Blackberry Bushes and a Messy House
by Dave Martin
Due to physical factors, I chose to do a media fast during our church’s week of fasting a couple weeks ago. Although it wasn’t as physically uncomfortable as a food fast, I believe it had a bigger impact on my use of time than a food fast would have, and I’m glad for that.
I chose to abstain from social media, news media, entertainment media, opinion media, podcasts—basically, any audio/video/print media that didn’t pertain to my life with Jesus. For an information glutton like me, that left gaping holes in my usual daily routine. One of the surprises was how little I missed most of that.

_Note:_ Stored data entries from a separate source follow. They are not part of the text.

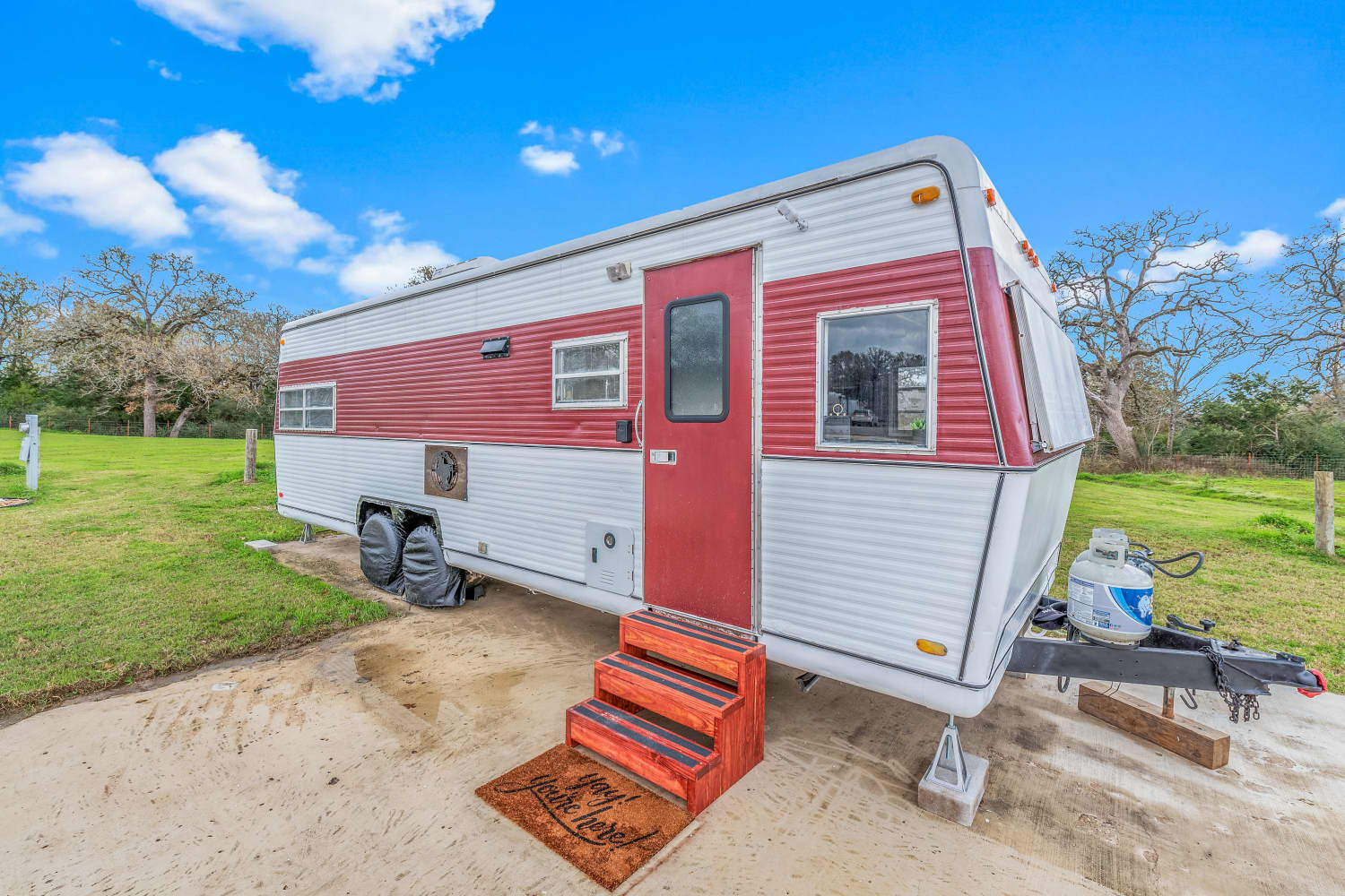 Tell us a little (or a lot) about your home and the people who live there: I’ve been passionate about tiny homes and particularly vintage campers since I was in college where I had a Pinterest board full of old Shastas and canned ham trailers. While I could likely never live in such a small space full time, I adore them and prefer to vacation and escape to unique small spaces. I’m also very interested in real estate and love how financially accessible travel trailers could be as short term rentals. After looking for years, I saw a partially renovated 1984 Holiday Rambler travel trailer on Facebook Marketplace one day and knew it could make an amazing “game day” rental for Texas A&M University and other events. I had no experience renovating a camper and had only stayed in one once, but I’ve found I can figure most things out with enough Googling. The camper had already been gutted, sealed, and had the walls rebuilt, which spared me from the worst inevitable camper issue — leaks and water damage.
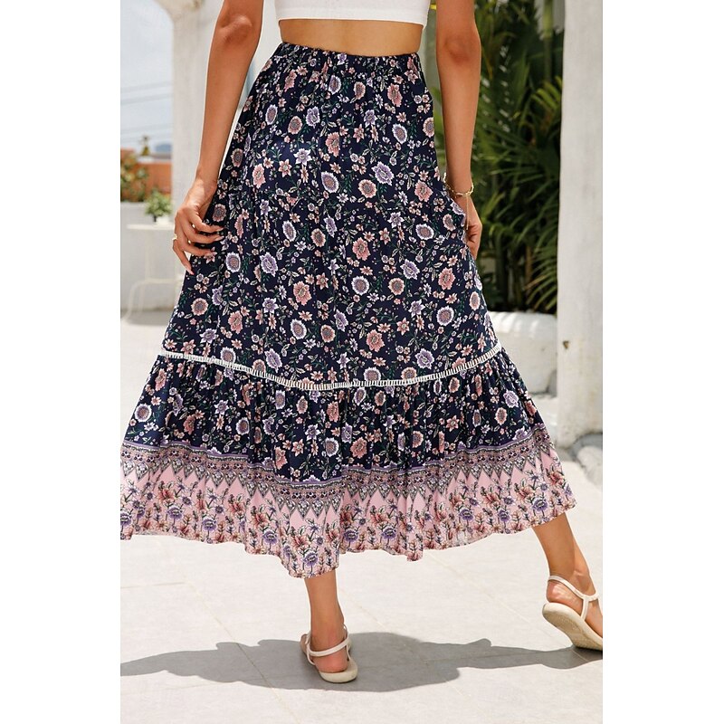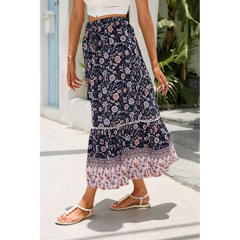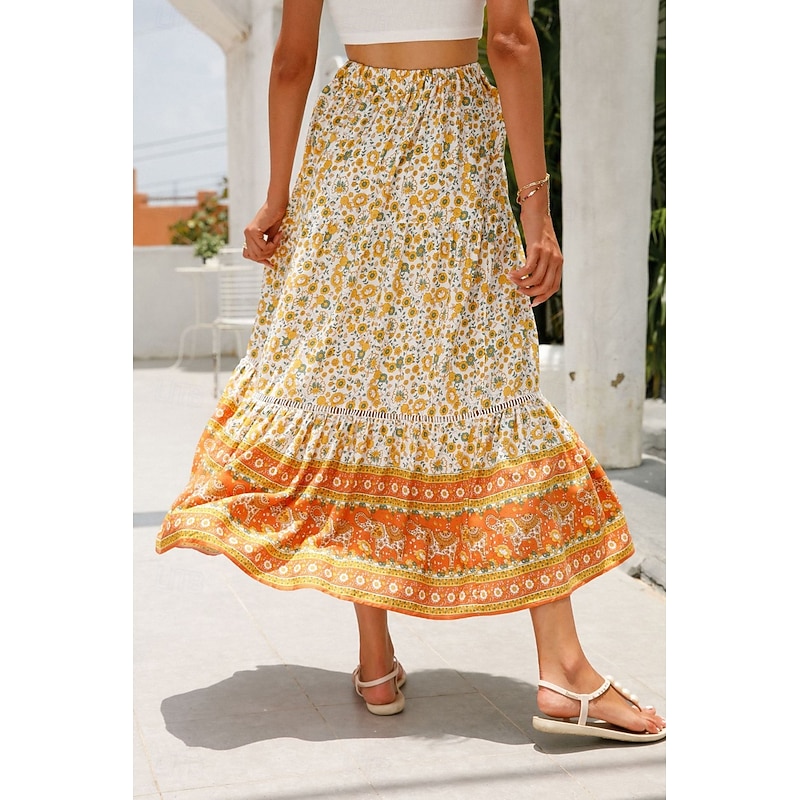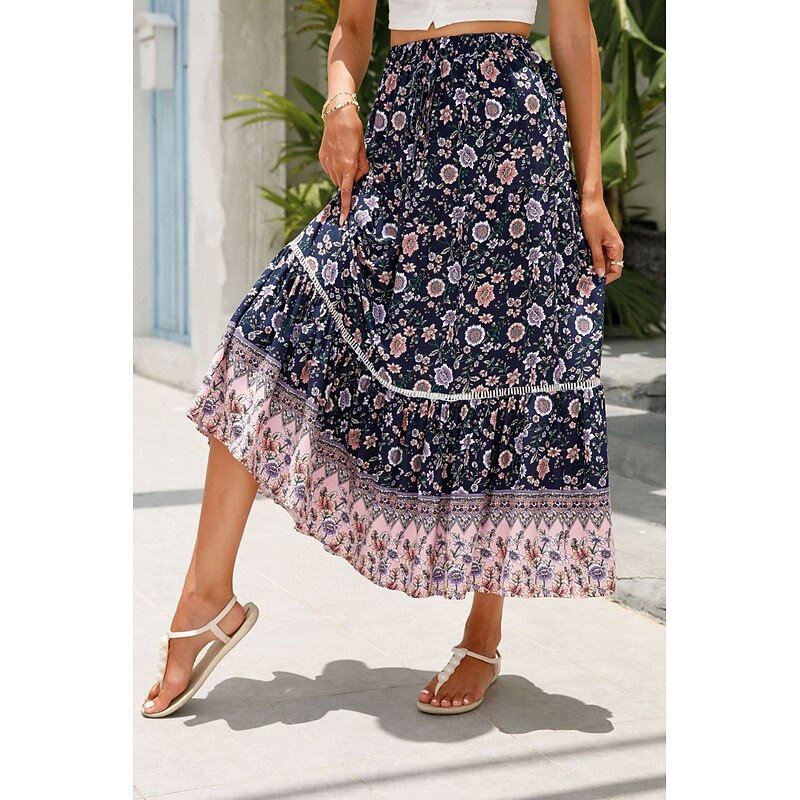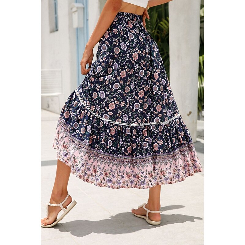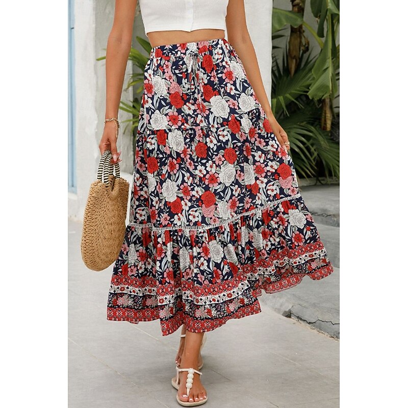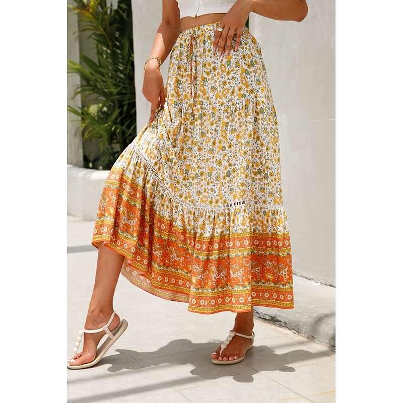 More information about Women's Skirt Bohemia Casual Boho Maxi Mid Rise Skirts Floral Print Micro-elastic Vacation Street Almond Red Blue Orange Summer Rayon
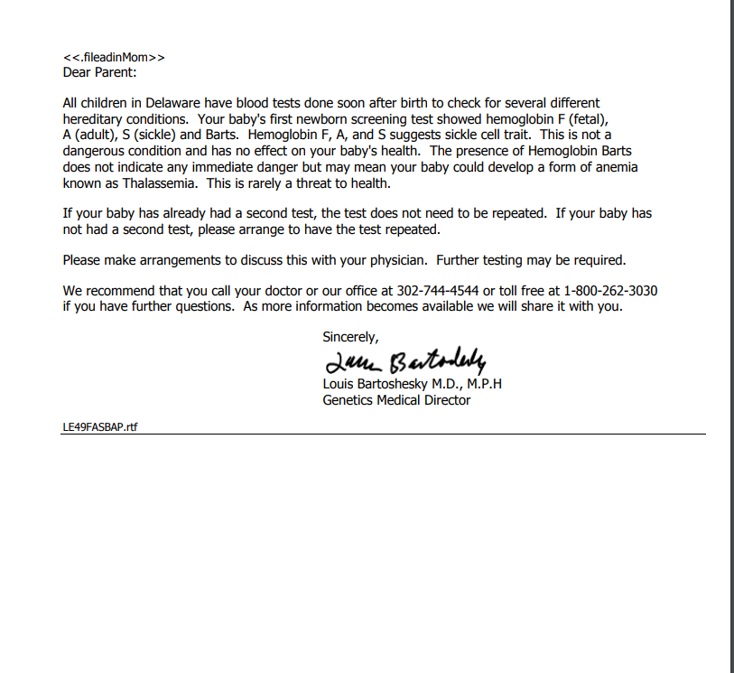 Sample Parent Letter: Hemoglobin Barts Date: August 2016 This is a sample parent letter for Hemoglobin Barts. Download Tags Follow-Up Quality Improvement Educational Tools Share
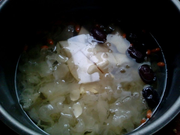 泡好的银耳用手撕成小朵,加足够的水,可以多放,因为主要是喝汤。
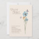 Det här roliga bröllopsinbjudan kombinerar minimal elegans med vildblomsblommor, blåa blommigtar och ett subtilt fjärilmotiv för ett unikt botaniskt tema.
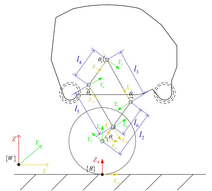 A parallel four-bar mechanism is being used as a new type of wheel-legged robot, and two controllers are designed to ensure stable motion - the linear quadratic regulator (LQR) and fuzzy proportion differentiation (PD) jumping controller. The robot is equipped with the ability to jump over obstacles and navigate rough terrain. The height of the jump trajectory adjusts based on changes in the link angle of the parallel four-bar linkage mechanism, enhancing the robot’s ability to tackle vertical obstacles.
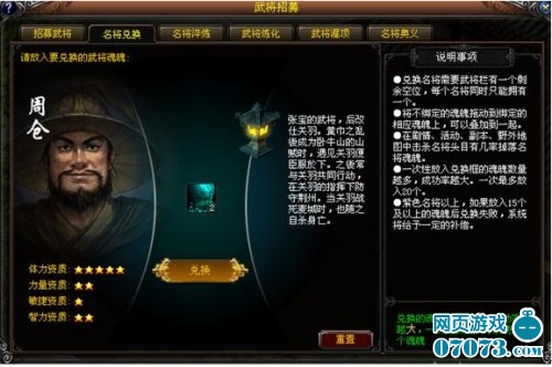 收集足夠數(shù)量的名將魂魄,可以到武將招募使這里重新將其兌換出來。
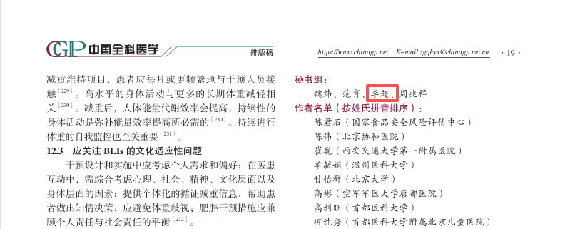 近年来,李超勤勉务实、锐意进取,以第一作者或共同第一作者身份在《Nutrients》等国际权威期刊发表SCI论文2篇,曾受邀在“一带一路”全球健康国际研讨会进行全英文汇报并获优秀奖,主笔的科普文章首登国家级《学生健康报》。此次以秘书组成员身份参与国家级指南编撰,意味着李超从全国众多青年科研骨干中脱颖而出,获得国内顶级专家团队的认可。秘书组成员是保障指南科学性与规范性的核心执行团队,承担着文献梳理、证据整合、多轮专家意见协调及统稿等关键工作,直接关系到指南的严谨性与权威性。此次参与,不仅是对李超个人专业能力与学术素养的高度肯定,更标志着二一五医院青年人才已具备与国家级顶尖团队协同攻关的硬实力。
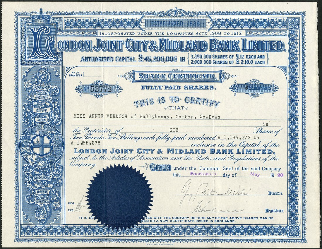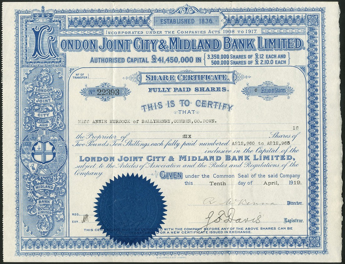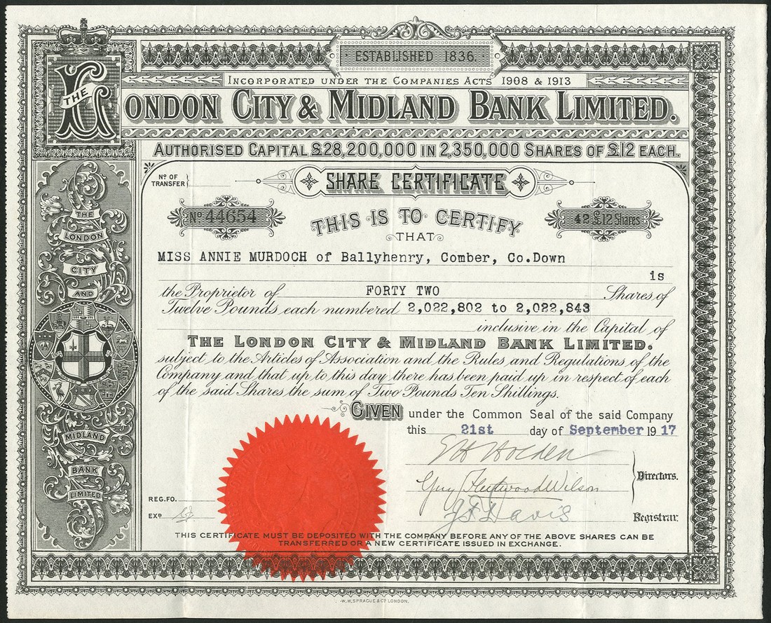 London City & Midland Bank Ltd, £12 shares, 19[17], capital £28,200,000, together with London Joint City & Midland Bank Ltd., a pair of certificates for £2 10s shares, 19[19], capital £41,450,000, and 19[20], capital £45,200,000, all with ornate border and arms at left, black with red seal and blue with blue seal respectively, good very fine and a scarce group. (3)
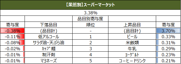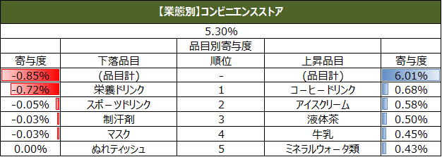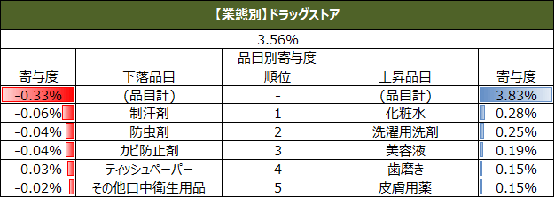 また、直近週の単価指数について、上昇、下落の寄与度上位5品目を業態別に集計しています。
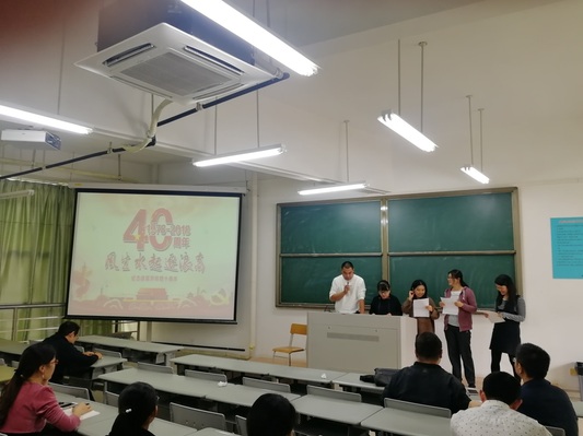 来自信息科学与技术学院教工第一党支部的任欢、葛冯敏、连丽红、邱雪莲、陈晓玉五位同志带来了主题为“40年一路辉煌”的诗歌朗诵。“四十年前,如果不是改革开放,今天的中国,在世界面前,那将会是什么模样”。朗诵铿锵有力,抑扬顿挫,展现了改革开放40年来,中国人民取得的辉煌成就,激励党员们在新的历史时期,不忘初心、牢记使命,自觉把个人理想融入到国家改革与发展的伟业,在自身的工作岗位上积极发挥先锋模范作用。
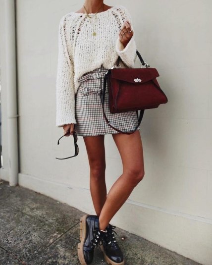 Ботинки отлично подходят к мини-юбкам из кожи. А шнурова придаст образу дерзости. Если же юбка более классического пошива, стоит отдать предпочтение ботинкам на каблуке, лучше высоком. Цвета выбирайте нейтральные.
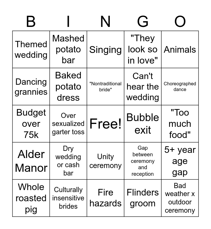 This bingo card has a free space and 24 words: Dry wedding or cash bar, Culturally insensitive brides, "Nontraditional bride", Whole roasted pig, Animals, Themed wedding, Dancing grannies, Mashed potato bar, Bubble exit, Unity ceremony, Can't hear the wedding, Budget over 75k, Gap between ceremony and reception, 5+ year age gap, Baked potato dress, Flinders groom, "Too much food", Singing, Choreographed dance, Over sexualized garter toss, Bad weather x outdoor ceremony, Alder Manor, "They look so in love" and Fire hazards.
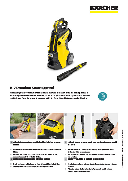 Tlaková myčka K 7 Premium Smart Control nabízí snadné připojení k mobilní aplikaci přes Bluetooth. Uživatel je podporován prostřednictvím mobilní aplikace Kärcher Home & Garden s praktickými tipy, triky a nastavením při čištění v různých situacích a při čištění různých objektů. Mobilní aplikace poskytuje užitečné funkce, jako je aplikační poradce pro ještě lepší výsledky, montážní pokyny a pokyny pro údržbu a péči. Zařízení disponuje režimem Boost pro zvýšení výkonu při čištění odolných nečistot. Vysokotlaká pistole G 180 Q Smart Control s LCD displejem a pracovní nástavec Multi Jet 3 v 1 nabízejí maximální kontrolu: tlak se nastavuje přímo na tlakové pistoli nebo se na tlakovou pistoli přenáší prostřednictvím mobilní aplikace. Na LCD displeji můžete zkontrolovat, která úroveň tlaku je nastavena, zda lze aktivovat zvýšení tlaku nebo zda je zařízení stále v klidovém režimu. Další výbavou je čisticí systém Plug ‘n’ Clean, vysoce kvalitní hliníková teleskopická rukojeť, parkovací poloha a snadno přístupné příslušenství. Včetně bubnu na navíjení hadice.
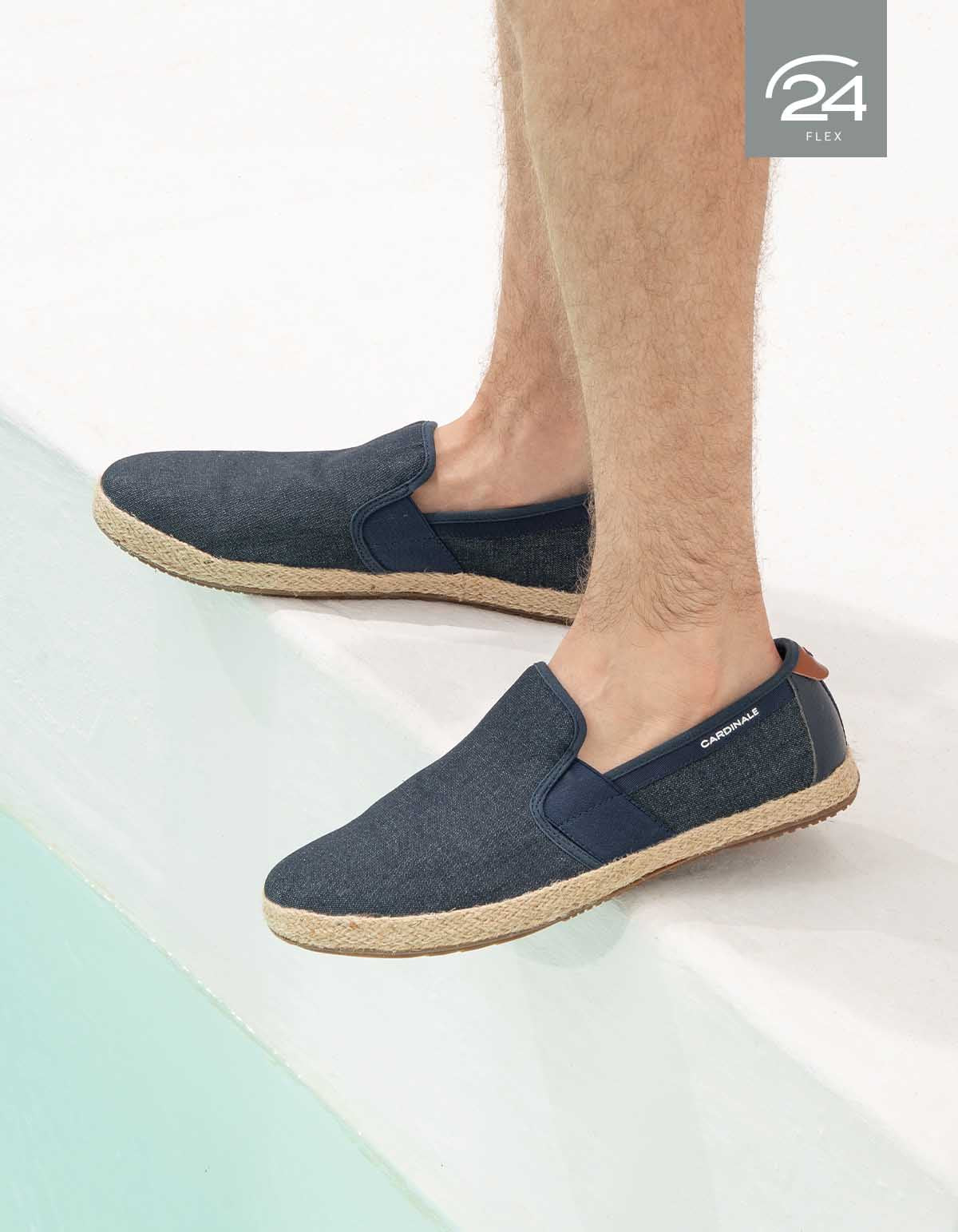 Alpargatas Vallarta-3-01 de textil color azul, planta de goma y forro de sin forro. Con tecnología 24 Flex para máxima comodidad.
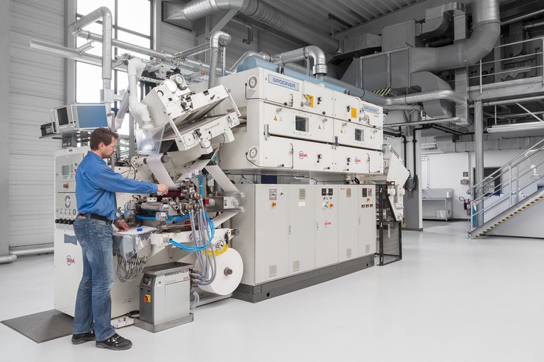 Die Pilotbeschichtungsanlage im neuen DEHESIVE® Coating Center in Burghausen: Auf 380 Quadratmetern simulieren die WACKER-Techniker dort industrielle Verarbeitungsbedingungen bei der Silicontrennbeschichtung.

Meanwhile, God directed my attention to two very appropriate Bible passages, John 15:1–8 and Revelation 3:20. The John 15 passage is Jesus’ famous analogy of the vine and the branches. Because of the cultural setting, we usually assume he is picturing a grapevine, though the text doesn’t say that. I’m reading a book in which the author, Curtis Sergeant, uses a blackberry plant as the analogy—one that we in east Multnomah County are quite familiar with.
Blackberry farming is very labor-intensive. You have to set up a trellis system, and then train the main canes to climb the poles and then grow along the wires. But throughout the growing season you must also ruthlessly cut back many additional canes that emerge—up to 90% of the growth—that will suck up nutrients and never bear fruit. The resulting berries are large, sweet, and readily accessible.
We’ve all seen big patches of wild blackberries growing along roads or in fields. These also produce fruit, but the berries are much smaller and widely scattered. To pick them, you have to fight your way through thorny canes and endure scratched skin and perhaps torn clothes.
Says Sergeant: “You can pick as many carefully cultivated blackberries in five minutes as you can pick wild blackberries in two hours.”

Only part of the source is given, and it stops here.